Fact: Mental health problems have nothing to do with being lazy or weak and many people need help to get better. Many factors contribute to mental health problems, including:

  • Biological factors, such as genes, physical illness, injury, or brain chemistry
  • Life experiences, such as trauma or a history of abuse
  • Family history of mental health problems

People with mental health problems can get better and many recover completely.

 

Myth: There is no hope for people with mental health problems. Once a friend or family member develops mental health problems, he or she will never recover.

Fact: Studies show that people with mental health problems get better and many recover completely. Recovery refers to the process in which people are able to live, work, learn, and participate fully in their communities. There are more treatments, services, and community support systems than ever before, and they work.

Myth: Therapy and self-help are a waste of time. Why bother when you can just take a pill?

Fact: Treatment for mental health problems varies depending on the individual and could include medication, therapy, or both. Many individuals work with a support system during the healing and recovery process.

Myth: I can’t do anything for a person with a mental health problem.

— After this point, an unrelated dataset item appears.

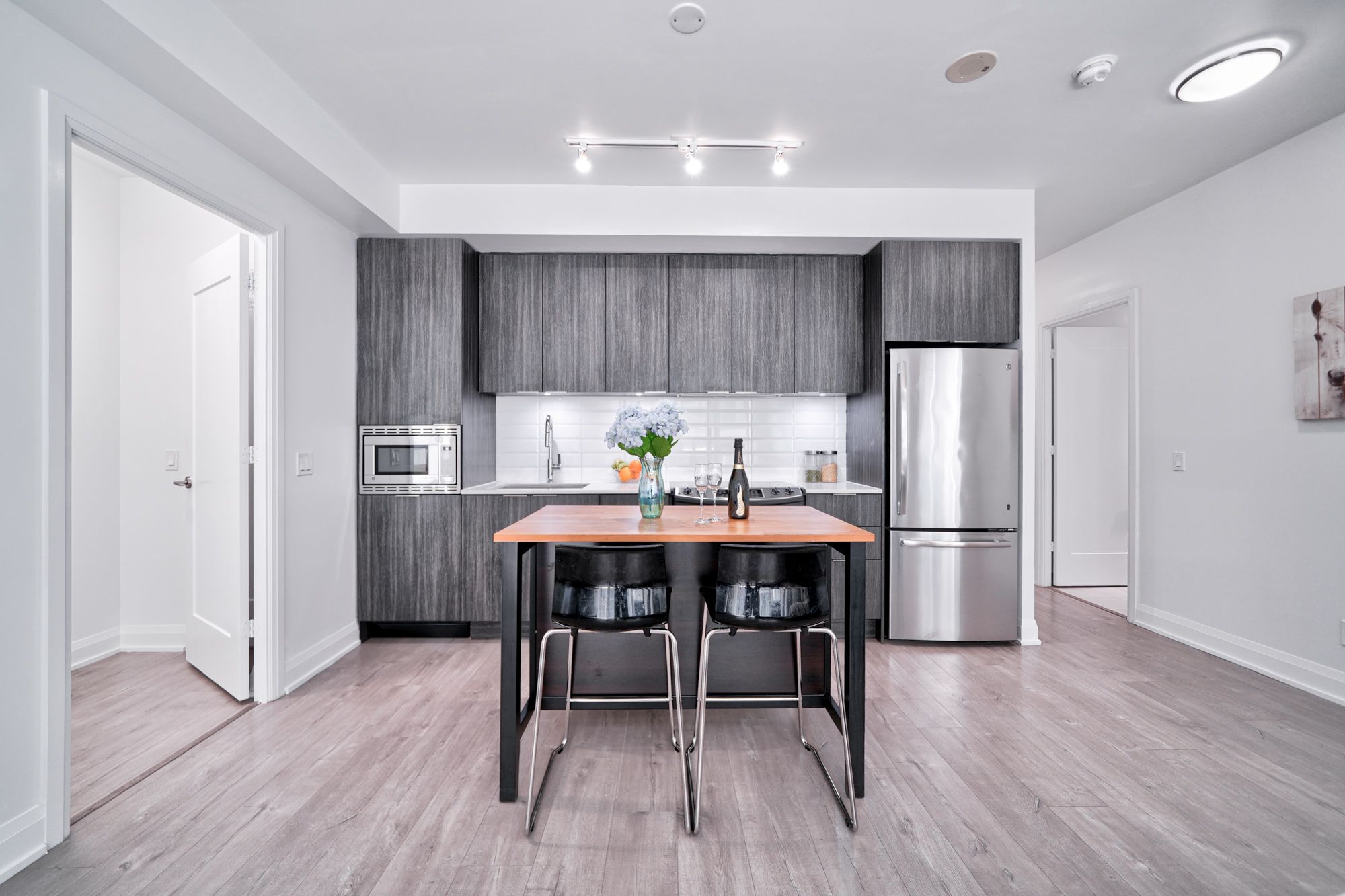 Backsplash Quartz Counter Stainless Steel Appl

Fact: Friends and loved ones can make a big difference. Only 44% of adults with diagnosable mental health problems and less than 20% of children and adolescents receive needed treatment. Friends and family can be important influences to help someone get the treatment and services they need by:

  • Reaching out and letting them know you are available to help
  • Helping them access mental health services
  • Learning and sharing the facts about mental health, especially if you hear something that isn’t true
  • Treating them with respect, just as you would anyone else
  • Refusing to define them by their diagnosis or using labels such as “crazy”
Myth: Prevention doesn’t work. It is impossible to prevent mental illnesses.

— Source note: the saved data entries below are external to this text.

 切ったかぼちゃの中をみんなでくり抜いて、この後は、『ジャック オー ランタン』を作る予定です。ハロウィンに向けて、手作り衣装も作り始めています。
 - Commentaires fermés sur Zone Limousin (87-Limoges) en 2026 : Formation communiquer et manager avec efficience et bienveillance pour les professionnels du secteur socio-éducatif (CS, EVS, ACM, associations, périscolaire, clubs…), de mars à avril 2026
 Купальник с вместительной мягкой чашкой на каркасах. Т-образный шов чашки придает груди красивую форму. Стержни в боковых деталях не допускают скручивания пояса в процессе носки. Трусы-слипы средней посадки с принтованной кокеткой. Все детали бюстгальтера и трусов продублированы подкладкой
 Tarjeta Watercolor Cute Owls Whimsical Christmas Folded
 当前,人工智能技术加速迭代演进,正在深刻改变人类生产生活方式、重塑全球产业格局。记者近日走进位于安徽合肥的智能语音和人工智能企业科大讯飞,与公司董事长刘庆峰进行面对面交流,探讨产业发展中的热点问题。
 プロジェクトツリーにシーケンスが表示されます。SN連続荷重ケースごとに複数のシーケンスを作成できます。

Fact: Prevention of mental, emotional, and behavioural disorders focuses on addressing known risk factors such as exposure to trauma that can affect the chances that children, youth, and young adults will develop mental health problems. Promoting the social-emotional well-being of children and youth leads to:

  • Higher overall productivity
  • Better educational outcomes
  • Lower crime rates
  • Stronger economies
  • Lower health care costs
  • Improved quality of life
  • Increased lifespan
  • Improved family life

Mental illness is nothing to be ashamed of. It is a medical problem, just like heart disease or diabetes.